Her voice lowered. “Yes.”
“This shutdown. How long will it take?”
“I, fuck , Kovacs. I don’t know. A couple of hours. Why?”
“Carrera isn’t dead.”
She coughed up a fractured laugh. “What?”
“You see that big fucking hole in Luc.” The tetrameth thrummed in me like current, feeding a rising anger. “Carrera made it. Then he got out the forward escape hatch, painted himself in polalloy and is by now on the other side of the fucking gate. That clear enough for you?”
“Then why don’t you leave him there?”
“Because if I do,” I forced my own voice down a couple of notches, tried to get a grip on the ‘meth surge. “If I do, he’ll swim up while you’re trying to close the gate and he’ll kill you. And the rest of us. In fact, depending on what hardware Loemanako left aboard the ship, he may be right back with a tactical nuclear warhead. Very shortly.”
“Then why don’t we just get the fuck out of here right now?” asked Vongsavath. She gestured at the Angin Chandra’s Virtue . “In this thing, I can put us on the other side of the globe in a couple of minutes. Fuck it, I could probably get us out of the whole system in a couple of months.”
I glanced across at Tanya Wardani and waited. It took a few moments, but finally she shook her head.
“No. We have to close the gate.”
Vongsavath threw up her hands. “What the fuck for? Who care—”
“Stow it, Ameli.” I flexed the suit upright again. “Tell the truth, I don’t think you could get through the Wedge security blocks in much less than a day anyway. Even with my help. I’m afraid we’re going to have to do this the hard way.”
And I will have a chance to kill the man who murdered Luc Deprez .

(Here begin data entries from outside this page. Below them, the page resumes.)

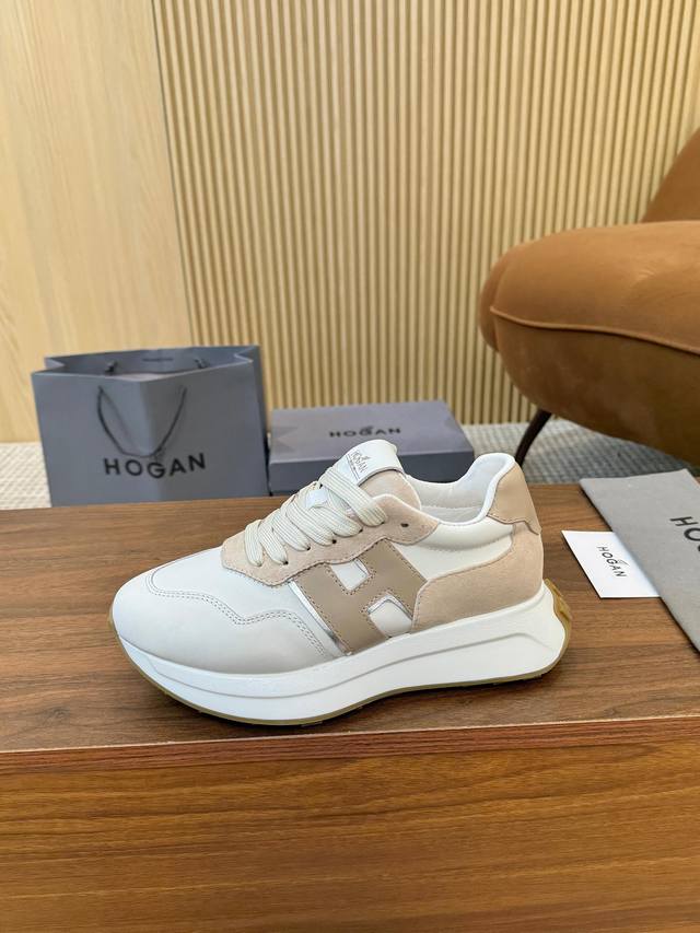 Hogan's new H-Stripes series couple's chunky platform sneakers, a must-have for any fashionista. Top-tier original version, sourced and developed. This H-Stripes series sneaker features a contrasting color, high-elasticity, thick sole for added height, giving the shoe a fresh and energetic look. It exudes style and captures attention, setting a new trend in modern urban fashion. Material: Original custom imported cowhide. Lining: Original cowhide lining. Sole: Exclusive molded ultra-lightweight, high-elastic material. Sole thickness: Approx. 4.5cm. Sizes: Women's 35-44, 45 custom-made.
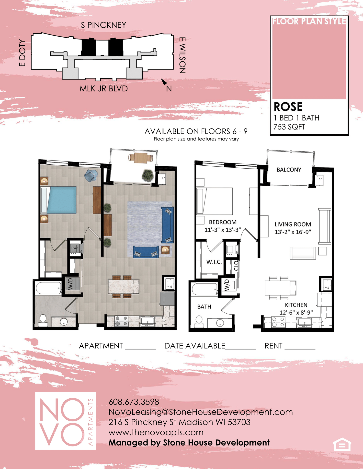 Rose Floor Plan - 1 Bedroom - Downtown
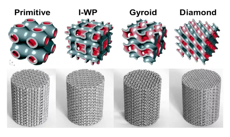 许铎课题组通过开发三周期极小曲面多孔结构参数化设计软件,并结合金属3D打印技术,证实了与传统桁架点阵结构相比,三周期极小曲面多孔点阵结构在相同孔隙率下,具有更高的比表面积,更出色疲劳性能与更低的弹性模量,能够显著提升骨整合效果,为后续三周期极小曲面多孔结构在骨替代方向的应用进一步研究奠定了坚实基础。
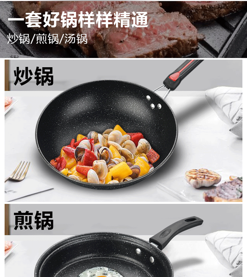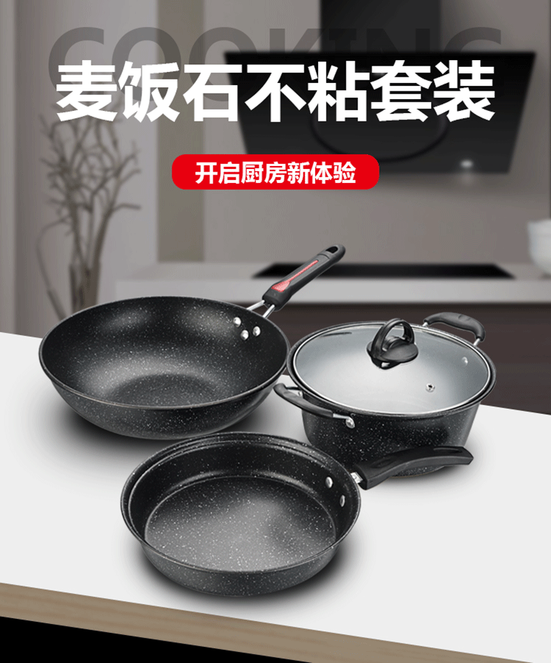 炒锅煎锅汤锅展销活动开业礼品锅具大全饭麦石不粘锅具套装三件套 English | 投诉

I wasn’t sure if that was the ‘meth talking, or just the memory of a shared bottle of whisky on the deck of a trawler now blasted and sunk. It didn’t seem to matter that much.
Vongsavath sighed and heaved herself to her feet.
“You going on the bug?” she asked. “Or do you want an impeller frame?”
“We’ll need both.”
“Yeah?” she looked suddenly interested. “How come? Do you want me—”
“The bugs mount a nuclear howitzer. Twenty kiloton yield. I’m going to fire that motherfucker across and see if we can’t fry Carrera with it. Most likely, we won’t. He’ll be backed off somewhere, probably expecting it. But it will chase him away for long enough to send the bug through. While that draws any long-range fire he can manage, I’ll tumble in with the impeller rig. After that,” I shrugged. “It’s a fair fight.”